Remarks as Prepared for SIFMA’s 2015 Anti-Money Laundering & Financial Crimes Conference

Good morning, and welcome to SIFMA’s 15th Annual Anti-Money Laundering and Financial Crimes Conference.

As everyone in this room knows, robust and effectively implemented anti-money laundering and financial crimes compliance programs are integral to a firm’s overall compliance.  As our industry faces the various scandals that have brought new scrutiny, new regulations, and new questions from our clients and our regulators around the globe, institutions across the industry have become increasingly aware that good compliance is essential to staying in business.  This increased recognition of the importance of the compliance function, in turn, means that strengthening compliance departments has become a top priority – and that’s good thing.

Across the industry, firms are investing literally billions of dollars to build up their compliance departments – improving compliance and technological systems and processes, and hiring thousands of new employees.  And while each firm is different, oftentimes compliance departments today have direct access to their firms’ boards of directors and CEOs.  As a result, compliance professionals have gained in stature.

At the same time that we’ve seen an evolution in firms’ compliance departments and expectations, the role of the compliance function has become more complex, and in some ways less clear, as increased responsibilities are being assigned to compliance officers and increased attention to the compliance function is being paid by regulators and law enforcement.  And while compliance departments that effectively partner with business leaders within their firms will likely have greater success in identifying, escalating and addressing both the activities of bad actors as well as potential legal and regulatory risks for their firms, the compliance function cannot bear supervisory responsibility for a firm’s business activities.  Let me be clear—business leaders are the front line supervisors of a firm’s compliance with the law.  We must remain mindful of the lack of clarity in this regard among some of the many global regulators that impact our industry.  SIFMA will continue to work with our regulators and law enforcement to ensure that the role of the compliance advisory function, and potential bases for individual AML and compliance officer liability, are clearly delineated as our industry, the financial markets, and the regulatory landscape evolve.

Clear expectations will ensure that we do not disincentivize qualified compliance professionals or otherwise weaken the compliance function that is so critical, not just to firms’ compliance with legal and regulatory requirements but also to preventing and detecting abuse of our financial system.  As you know very well, the public’s confidence in our financial system is being tested every day.  As an industry, we must continually work together and with our partners in government to share best practices and stay ahead of the bad actors who seek to exploit our financial system.  The risk of bad actors abusing our financial system is one that we must remain ever-vigilant in guarding against, and one that all of you here today deal with on a daily basis.
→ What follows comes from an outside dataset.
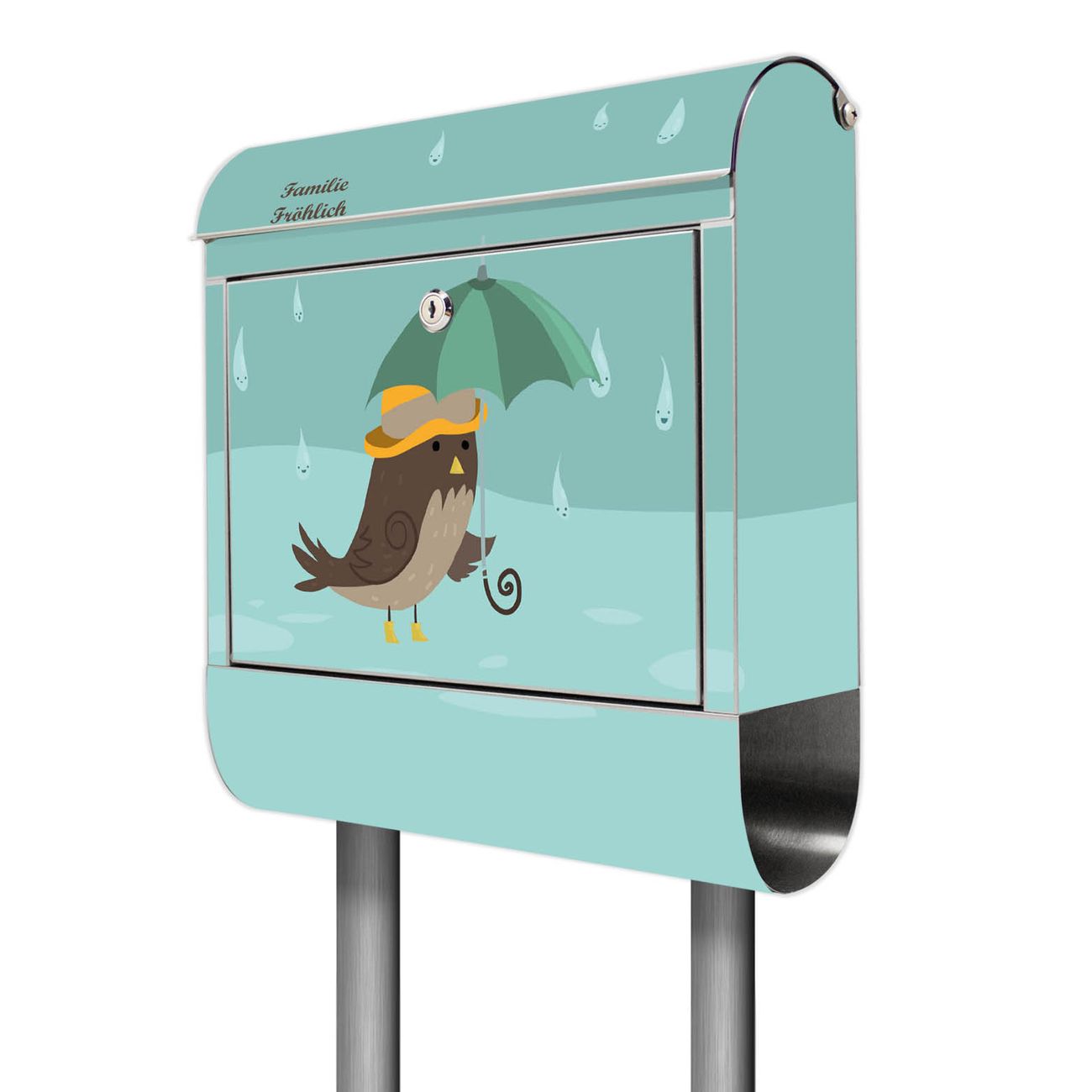 Der Motivstandbriefkasten hat ein sehr ansprechendes und ausgefallenes Design, damit entlocken Sie Ihren Nachbarn und dem Postboten ein Lächeln. Heben Sie Sich ab von der tristen grauen Masse, ohne auf Funktionalität zu verzichten. Der Briefkasten besteht aus hochwertigem 18/0 Edelstahl und die Wetter- und UV-resistenten Folie mit Rainbird Motiv ist zusätzlich mit einem Schutzlaminat überzogen. Der Standbriefkasten wird mit Montagematerial und zwei Schlüsseln geliefert.

In addition to sharing best practices, however, we as an industry must continue our engagement with government to ensure that regulatory requirements enable us to focus on doing the right thing, and not just on checking the compliance box to minimize regulatory or examination risk.  The Department of the Treasury and FinCEN undertook extensive efforts to engage the financial industry on the topic of customer due diligence prior to issuing the CDD proposal last summer, and the proposal clearly was designed to address many of the concerns that industry had raised previously.  We very much appreciate this effort, and we urge FinCEN, as it works to finalize the proposed CDD rules, to ensure that the final rules do not require compliance just for the sake of compliance, but rather give financial institutions the flexibility they need to focus on the real risks to their institutions, the financial system, and the safety and security of all Americans.
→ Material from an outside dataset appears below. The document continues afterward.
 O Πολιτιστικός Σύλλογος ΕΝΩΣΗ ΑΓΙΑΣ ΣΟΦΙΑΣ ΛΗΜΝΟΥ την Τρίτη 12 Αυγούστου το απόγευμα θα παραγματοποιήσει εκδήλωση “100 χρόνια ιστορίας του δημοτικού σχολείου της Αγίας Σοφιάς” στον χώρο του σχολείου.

The role of AML and compliance remains as vital as ever to ensuring that our financial system remains safe, secure and vibrant, and enhancing our partnership with one another and with our regulators and law enforcement helps us work together to stop those who would exploit our financial system.  That is why we are gathered here today, and why this conference is so important to many of you.

We will hear from some of our regulatory partners today, starting with our morning keynote speaker, Andrew Ceresney, the SEC’s Director of Enforcement.  At lunch, we will hear from John Smith, Acting Director of the Office of Foreign Assets Control at the Department of the Treasury.
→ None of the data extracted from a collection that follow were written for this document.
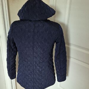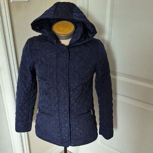 Elegant quilted design with a comfortable hood. Perfect for chilly days.
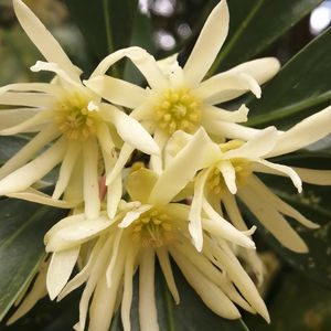 Flower of Shikimi 🌼🌿🌤️😌 シキビ(シキミ)の花。間もなくお彼岸、このまま切って墓前へ…。🌼🌿⚰️😆 この当たりでは、シキビと言う。名前の由来は、四季を通して美しい緑を保つので、四季美=シキミ・シキビとなるらしい…。🤔👍 墓前の花代が結構するので、生前、親父がシキビの木を植えた。お彼岸に、その枝を切って、両親の眠る墓前へ…。親父も、さぞかし喜ぶだろう…。ヨロシコ❗ 👍👍🌼🌼🌿🌿✂️✂️⚰️⚰️🙇🙇👻👻
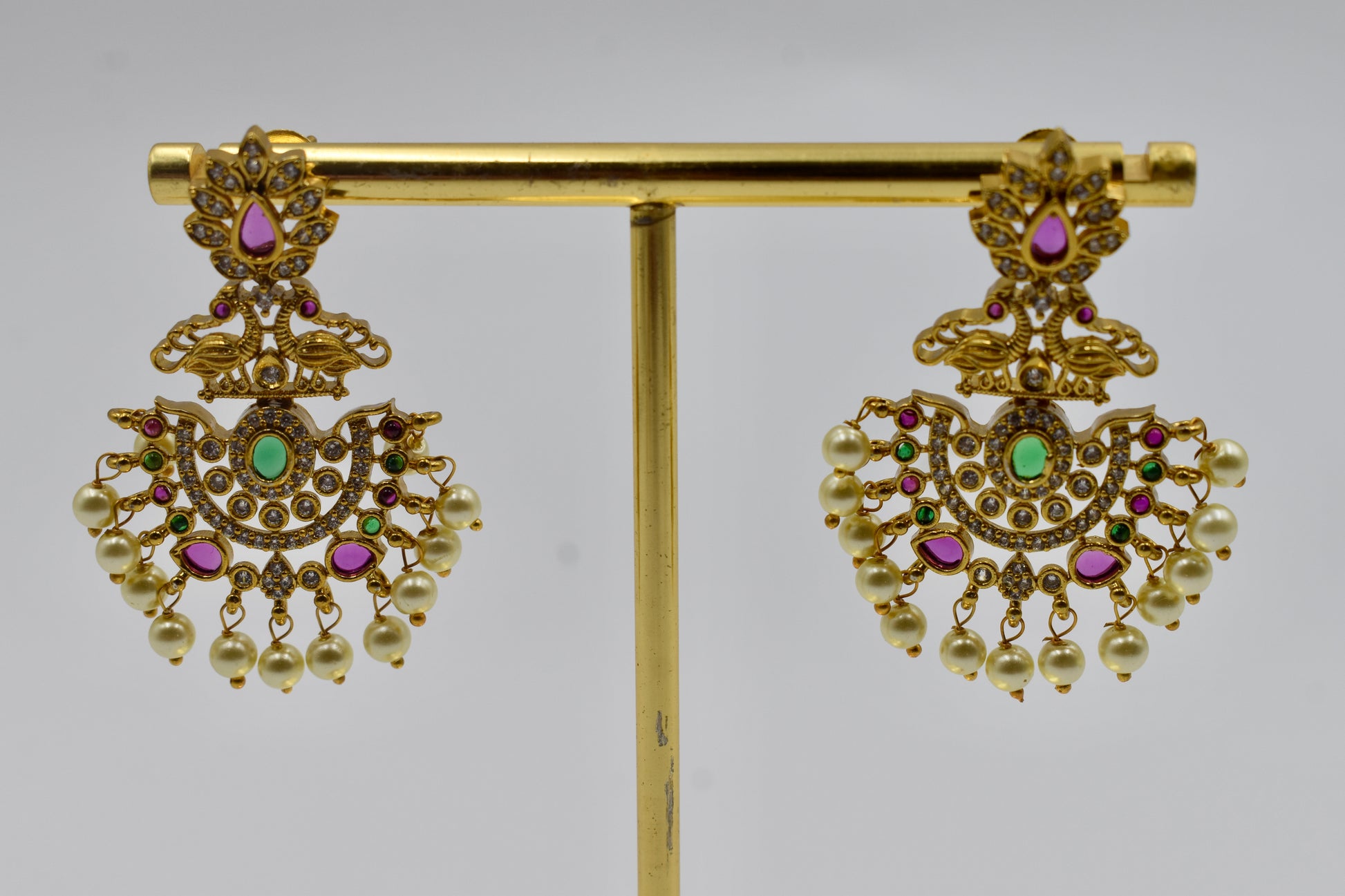 Elevate your ethnic and festive look with these traditional gold-plated temple design earrings. Featuring intricate peacock motifs, ruby red and green stones, and elegant pearl drops, these earrings are perfect for weddings, traditional functions, and festive celebrations.

We appreciate the participation of these speakers, and of all of our moderators and other speakers, at today’s event.

I want to take a moment to thank my colleagues, Aseel Rabie and James Sonne, and the Conference Planning Task Force of SIFMA’s AML & Financial Crimes Committee, for their help in putting together a truly substantive, thought-provoking and all-around great conference that I hope each of you will enjoy and find informative.

I’d also like to thank Meg Zucker and Sterling Daines, who are this year’s co-chairs of the SIFMA AML & Financial Crimes Committee, and I ask that you join me in thanking Jeff Weiss, the outgoing co-chair of the Committee, for all of his work over the past two years.

Many thanks as well to all of our returning sponsors, and our new sponsors this year, for helping us to put on this event.  We really appreciate your support.

Finally, on behalf of SIFMA, I want to thank each of you for your tremendous work and dedication.  We are grateful for all that you do, each and every day, for our industry.  Thank you.